Как зовут четверку «Битлз»? — страница 35 из 36

— И?.. — нетерпеливо спросил Г. В.

— И! Он даже ничего не сказал маме, просто пришел домой и лег спать. На другой день ему уже стало плохо, и домашние вызвали врача. Тот сразу обнаружил опухоль, поставил компресс, но при этом сказал, что лучше бы мальчика госпитализировать для нового переливания крови. Мальчишка ответил, что не хочет ложиться в больницу, ему надоело, и доктор уступил, сказал, что достаточно компресса, даже если его приложить с опозданием.

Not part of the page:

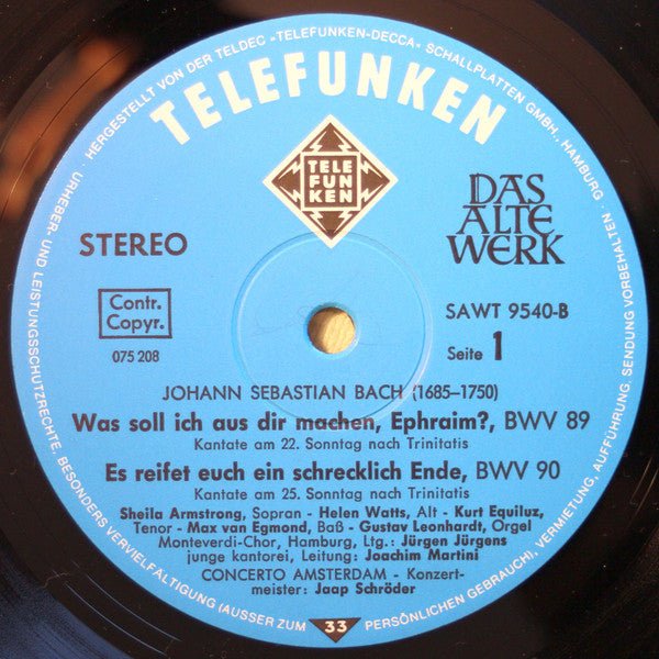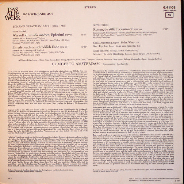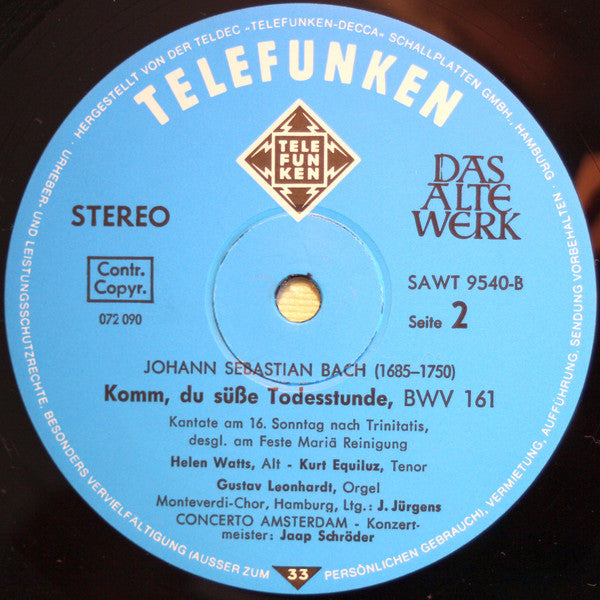 Johann Sebastian Bach, Concerto Amsterdam, Jaap Schröder - Kantaten・Cantatas (LP)

— А может, паренек хотел себя испытать и проверить, сможет ли он все-таки перебороть все это? — предположил Г. В., который теперь внимательно следил за ходом рассказа.

— Возможно… — задумчиво проговорил Биби и сделал паузу, чтобы снова глотнуть вина.

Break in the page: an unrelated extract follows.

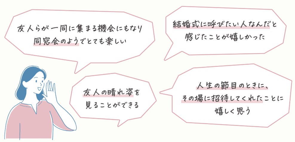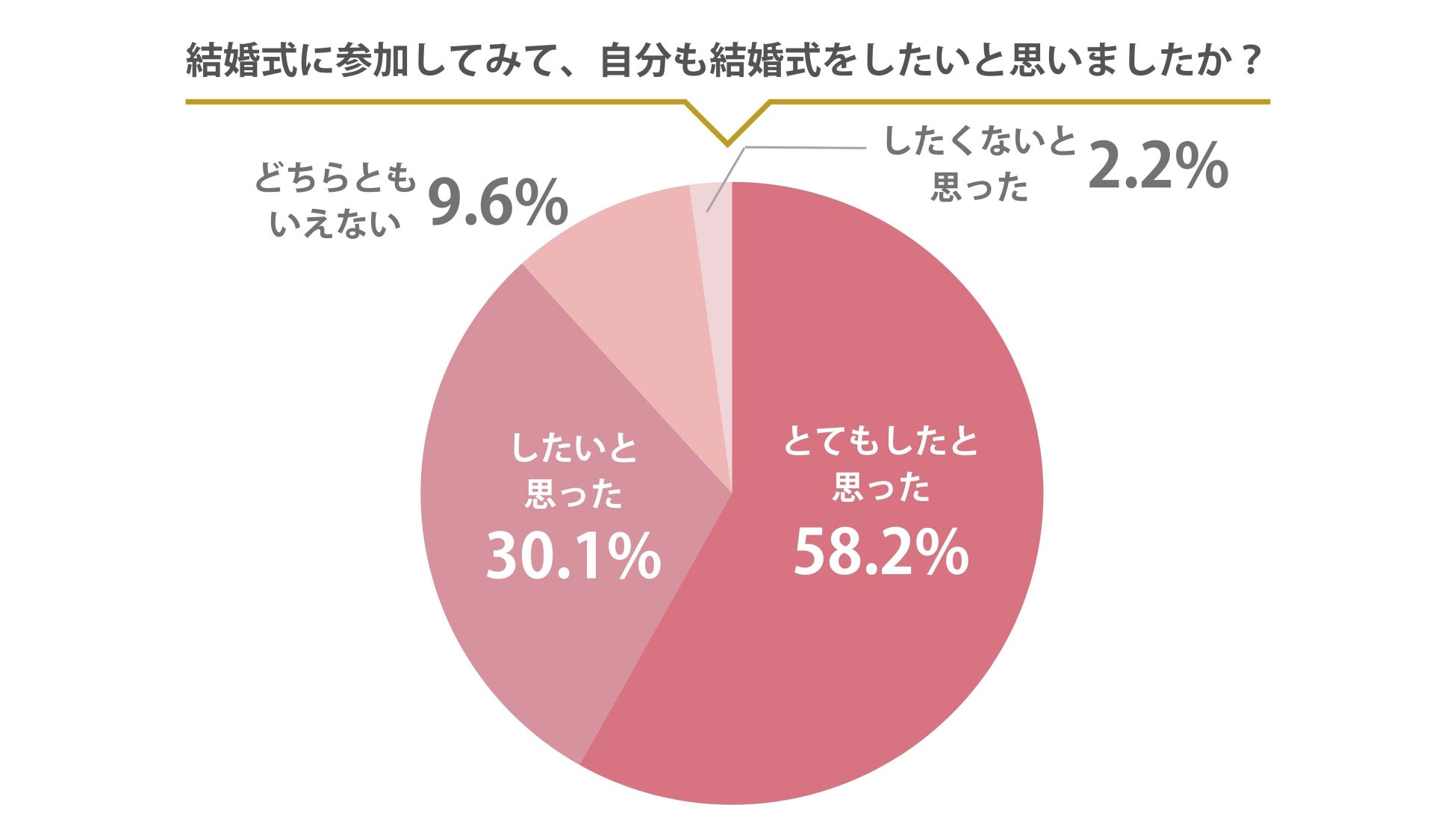 一方で今回、実際に結婚式に参列したゲストへの調査を行った結果「結婚したい意欲が高まった」、「結婚式をしたいと思った」、「結婚式に招待してくれて嬉しかった」という声が圧倒的に多い結果になっています。

Он был уже пьян, но как-то иначе, чем обычно. Во всяком случае, он не был агрессивен.

— Возможно, это было его первое пари с жизнью. Первое и последнее, понимаешь?

— Разве от этого он умер?

— Да. На третий день у него произошло кровоизлияние в мозг.

Наступило долгое молчание. Позвякивали только бутылки на столе. Мы старались не смотреть друг на друга, а Лола молча плакала, сердитая на всех и вся, лишь время от времени чуть слышно вздыхала. Через час или полтора, когда темнота за окном приобрела молочный оттенок и все мы были уже совершенно пьяны, я увидел Корнелию, которая тихо скользила по комнате, переворачивая пепельницы и раскручивая магнитофонную ленту, Г. В. поднялся с постели и сказал:

— А если мы найдем его родителей и отдадим им деньги из копилки?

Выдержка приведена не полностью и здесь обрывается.